Three or one standard 12-lead ECG is collected as follows.
Group B: Cycle 1 Day 1: 0 and 1.5 hours after rituximab administration (± 15 minutes)
Day 9 of cycle 1 and day 22 of cycle 1: 0 hours and 1.5 hours after administration of Compound A (± 15 minutes)
Group C: Day 1 of cycle 1: 0 and 1.5 hours after ibrutinib administration (± 15 minutes)
Cycle 2 day 15: 0 and 1.5 hours after administration of Compound A (± 15 minutes)
Group D: Day 1 of cycle 1: 0 hours and 1.5 hours after administration of obinutuzumab (± 15 minutes)
Day 9 of cycle 1 and day 22 of cycle 1: 0 hours and 1.5 hours after administration of Compound A (± 15 minutes)

  Left ventricular ejection fraction (LVEF) MUGA, or echocardiogram (ECHO), at screening, every 3 cycles (± 7 days) (Cycle 1 Day 1, Cycle 7 Day 1, etc.) and so on If not performed within 8 weeks, it will be measured at EOT.

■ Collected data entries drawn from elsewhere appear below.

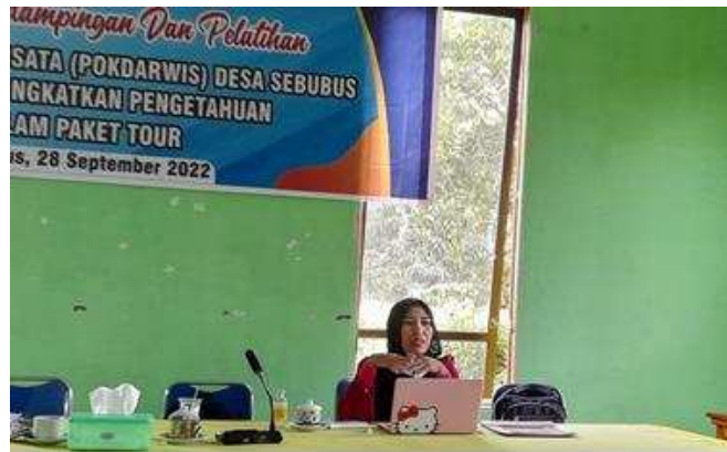
Gambar 5. Penyampaian Materi oleh Anggota Pelaksana 1

Berikut ini gambar pada saat anggota 1 TIM Pelaksana menyampaikan materi.
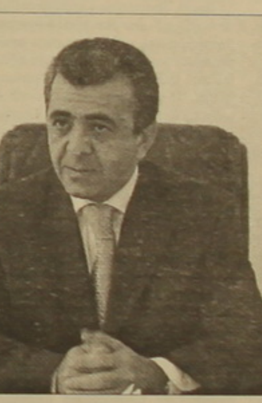
Manuk Vardanyan, Chairman of the Public Commission for the Fight Against Corruption

Կոզեռնի բնակիչները տարբեր դասակարգումներով չեն ունեցել իրականացնող փաստաթղթեր: Երևանի փողոցային 28.09.06թ. թիվ 1550-Ա որոշմամբ, 110 շենքի նկատմամբ վերականգնվել են իրավունքները: Այնուհետեւ, ՀՀ օրենսդրության հետ որոշակի անհամապատասխանության դասակարգում, 15.12.06թ. թիվ 2681-Ա որոշմամբ 110-ը դարձավ 97: Այդ 97-ից 10-ի մասով առկա են օրենսդրական խնդիրներ: Դրանք ինքնակամ կառույցներ են, որոնց խնդիրը մեքենայով կարգավորվի ոչ թե իրավունքների վերականգնմամբ, այլ ՀՀ կառավարության 18.05.06թ. «Ինքնակամ կառույցների օրհնականացման եւ սնորհման կարգը հաստատելու մասին» ՀՀ կառավարության թիվ 912-Ն որոշմամբ: Կադաստրի ղեկավար կոմիտեի սարածային ստորաբաժանում դիմելու փոխարեն, Կոզեռնի բնակիչները անհասկանալի դասակարգումներով հարցը փորձեցին կարգավորել տարբեր առիթներով դժգոհություններ արտահայտելով: Մինչդեռ մեքենայով համայնությունից 71-ը ստացել են վկայականներն առանց ժամկետների խախտման, աշխատանքային երկու
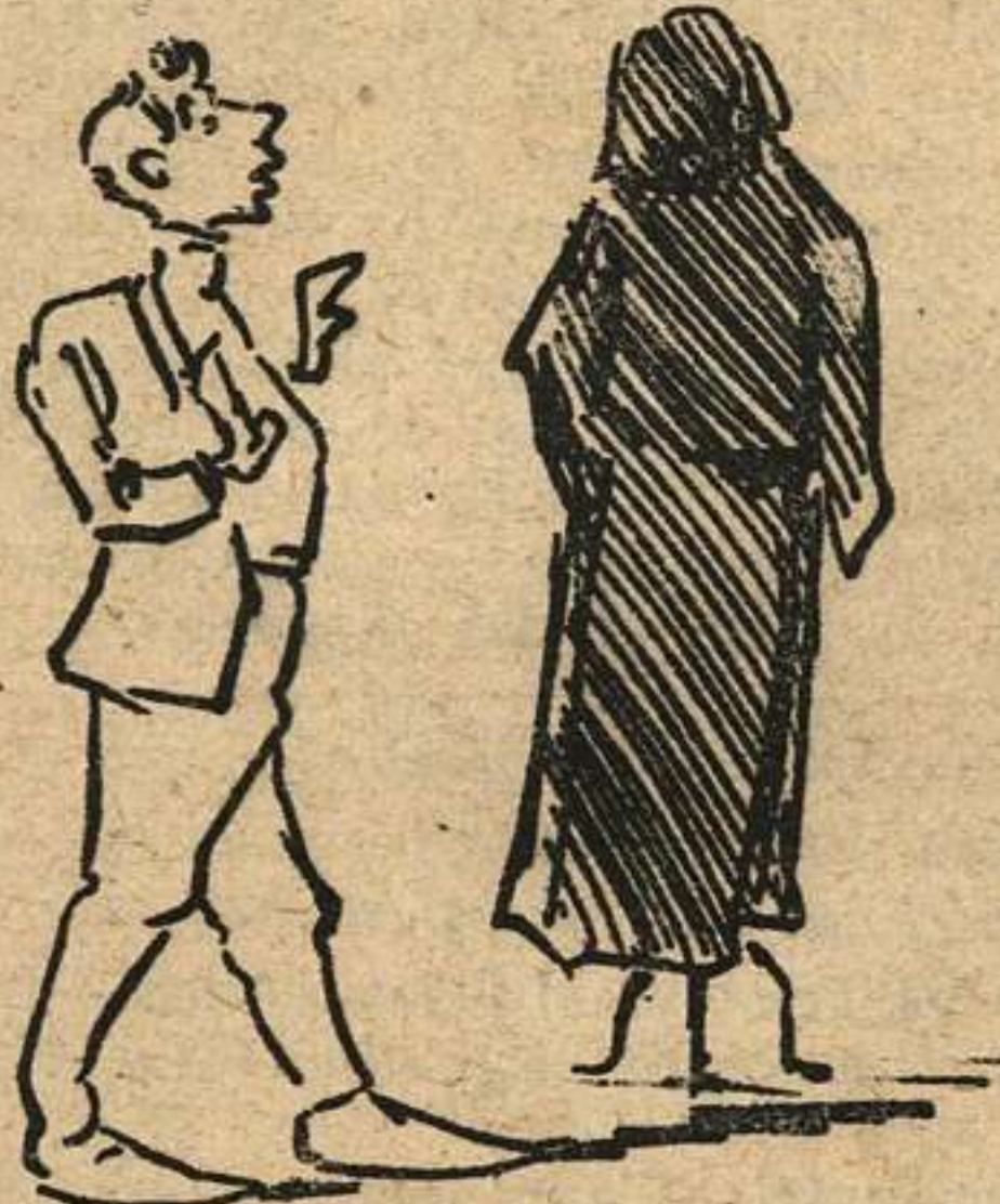
¡Oh que prenda más notable! que completa maravilla! Le he comprado á TORRECILLA un precioso impermeable.

The following laboratory assessments will be performed at the screening visit:
Amylase, lipase, fasting lipid properties, creatine kinase, thyroid stimulating hormone (TSH), free T4 (fT4), immunoglobulin (IgG, IgM and IgA only), T cell subset.

  CBC: hemoglobin, hematocrit, indexed red blood cell count, absolute type white blood cell count and platelet count.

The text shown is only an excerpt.